GLM-4.7-Flash: Z.ai’s Efficient 30B MoE Model for Coding and Agents

Z.ai has released GLM-4.7-Flash, a 30B-A3B Mixture-of-Experts (MoE) language model that punches well above its weight class in coding, agentic reasoning, and multi-step tool use — while remaining efficient enough to run on a single consumer GPU. Released on January 20, 2026, the model is fully open-source under the MIT license and available for free via the Z.ai API platform.

GLM-4.7-Flash neural network architecture visualization with glowing nodes and connections
Illustration generated by AI

What Is GLM-4.7-Flash?

GLM-4.7-Flash is the latest entry in Z.ai’s (formerly Zhipu AI) GLM series of large language models. Despite its “30B” label, the model uses a Mixture-of-Experts architecture with 31.2 billion total parameters but only approximately 3 billion active parameters during any given inference pass. This design — sometimes written as “30B-A3B” — means the model routes each token through a small subset of specialized expert sub-networks, achieving dense-model quality with a fraction of the compute.

The model supports a context window of up to 128,000 tokens, making it practical for large codebases, multi-file repositories, and extended conversations.
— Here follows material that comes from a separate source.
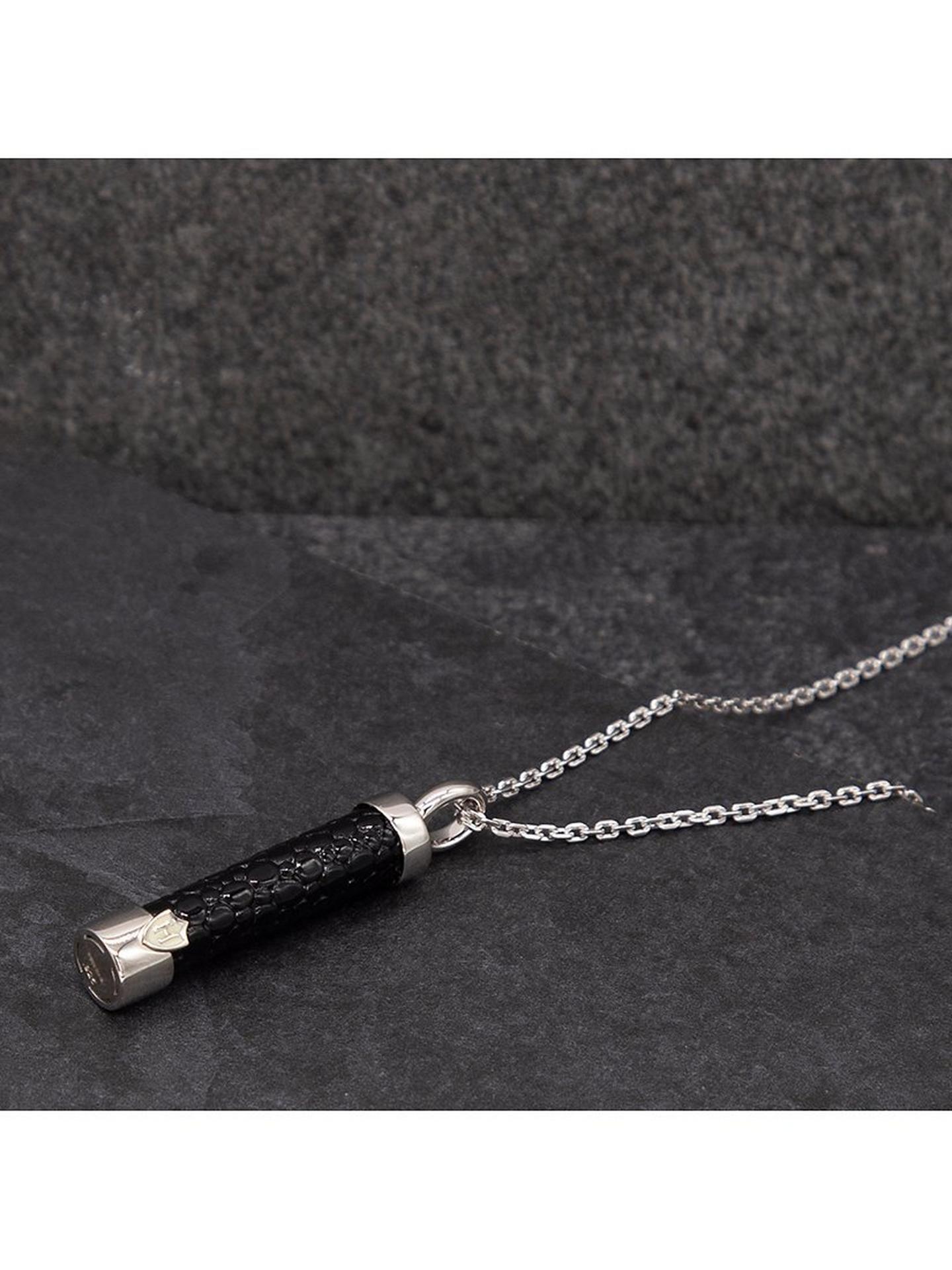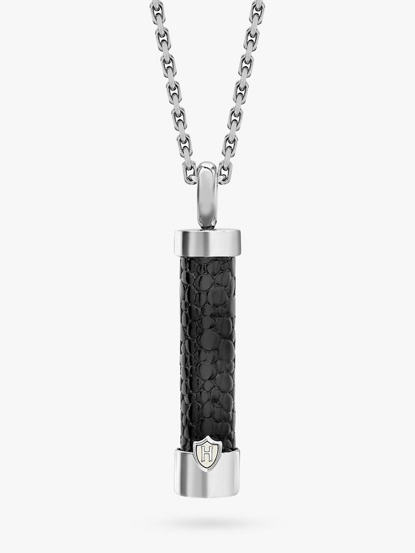 Hoxton London Men's Leather Inlay Cylinder Pendant Necklace - Silver/Black - NEW is backordered and will ship as soon as it is back in stock.

It also supports function calling with auto-tool-choice and a dedicated “thinking” mode for multi-turn reasoning tasks.

Benchmark Results

GLM-4.7-Flash posts strong numbers across a range of coding, reasoning, and agentic benchmarks, frequently outperforming models with similar or larger active parameter counts:

Benchmark GLM-4.7-Flash Qwen3-30B-A3B GPT-OSS-20B
AIME 25 91.6 85.0 91.7
GPQA 75.2 73.4 71.5
LCB v6 64.0 66.0 61.0
SWE-bench Verified 59.2 22.0 34.0
τ²-Bench 79.5 49.0 47.7
BrowseComp 42.8 2.29 28.3

The SWE-bench Verified score of 59.2% is particularly notable — it measures the model’s ability to autonomously resolve real GitHub issues, and GLM-4.7-Flash more than doubles the score of Qwen3-30B-A3B (22.0%) on this task. The τ²-Bench result of 79.5% (versus 49.0% for Qwen3-30B-A3B) similarly highlights strong agentic capabilities.

Deployment and Accessibility

GLM-4.7-Flash is designed to be practically deployable without specialized hardware. The model can run on a single 24GB GPU (such as an RTX 3090 or RTX 4090) or on Apple Silicon Mac systems, achieving speeds of 60–80 tokens per second under typical conditions.
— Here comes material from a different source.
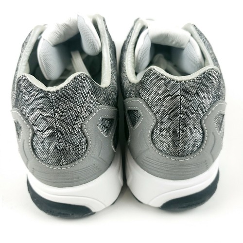 features a textile upper decorated with a geometric pattern and a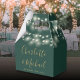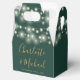 Caixa de lembrança de casamento elegante com lindas luzes de corda, nomes em escrita dourada sofisticada e data especial em fundo verde esmeralda. Você pode personalizar com sua própria mensagem de agradecimento no verso. Uma maneira perfeita de dizer obrigado aos seus convidados! Criado por Thisisnotme©

For developers, the model is available through multiple deployment paths:

  • Hugging Face Transformers: Load with AutoModelForCausalLM in bfloat16
  • vLLM: Supports tensor parallelism and speculative decoding with the MTP method
  • SGLang: Supported with EAGLE speculative decoding for higher throughput
  • Z.ai API: Free API access with no credit card required
  • LM Studio: Available as a quantized model for desktop use

The model also supports 68+ quantized variants on Hugging Face and has been integrated into 53 Spaces, reflecting rapid community adoption since its release.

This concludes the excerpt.